Revenue Note for Guidance

The content shown on this page is a Note for Guidance produced by the Irish Revenue Commissioners. To view the section of legislation to which the Note for Guidance applies, click the link below:

Revenue Note for Guidance

603 Wasting chattels

Summary

Tangible movable property (chattels) which is a wasting asset is exempt from capital gains tax, that is, no chargeable gain arises on the disposal of such property. A wasting asset is one with an expected useful life not exceeding 50 years (see section 560). Examples of wasting chattels are bloodstock, livestock, motor cars and household furniture (other than antiques) and appliances. The exemption does not apply to wasting chattels used for business purposes to the extent that the expenditure on the asset qualified for capital allowances, nor does it apply to commodities of any description.

Details

Exemption

(1) No chargeable gain accrues on the disposal of a wasting chattel (tangible moveable property which is a wasting asset). Consequently, losses incurred on the disposal of such assets are not allowable losses.

Wasting chattels used solely for business purposes

(2) The exemption does not apply where the asset has been used and used solely for the purpose of a trade or profession during the entire period of ownership of the person making the disposal and that person has claimed or could have claimed capital allowances in respect of the expenditure incurred in acquiring the asset. Likewise, the exemption does not apply where any expenditure was incurred on the asset and that expenditure qualified in full for capital allowances (for example, leased machinery or plant).

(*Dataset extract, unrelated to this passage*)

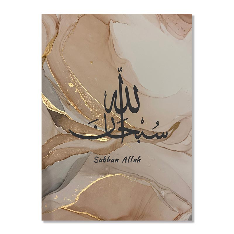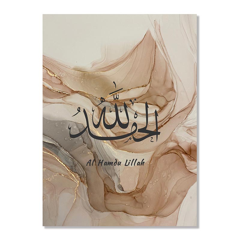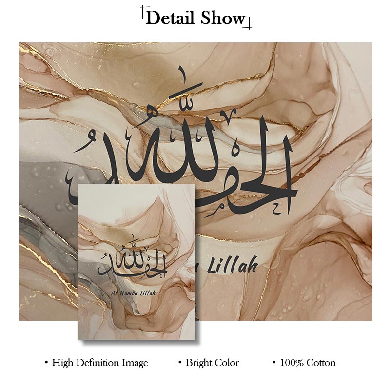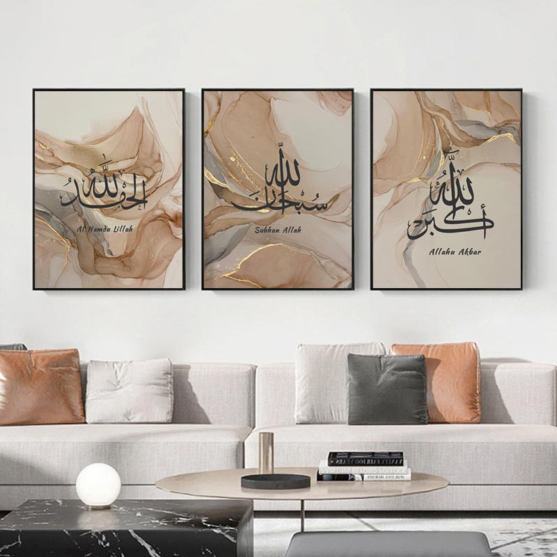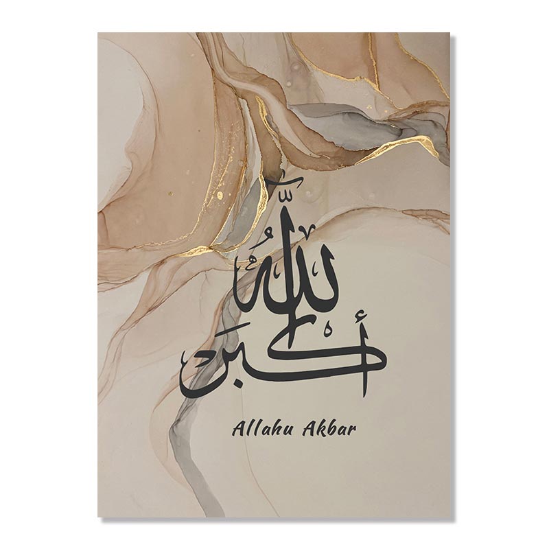 Islamic Calligraphy Allahu Akbar Posters Beige Marble Canvas Painting Abstract Gold Luxury Home Decor Wall Art Living Room Decor

Wasting chattels used partly for business purposes

(3) A special rule applies to deal with the case where there is a disposal of a wasting chattel used partly for the purposes of a trade or profession or where the expenditure incurred in acquiring the chattel qualified in part for capital allowances. In any such case the expenditure on acquisition and the consideration for the disposal are apportioned by reference to the extent to which that expenditure qualified for capital allowances, and the gain is computed separately in relation to the apportioned parts. The part of the gain applicable to the extent that the asset has been partly used for the purposes of a trade or profession or has qualified in part for capital allowances is a chargeable gain. The part of the gain not so applicable is exempt.

Commodities

(4) The exemption does not apply to a disposal of commodities by or through a market dealer.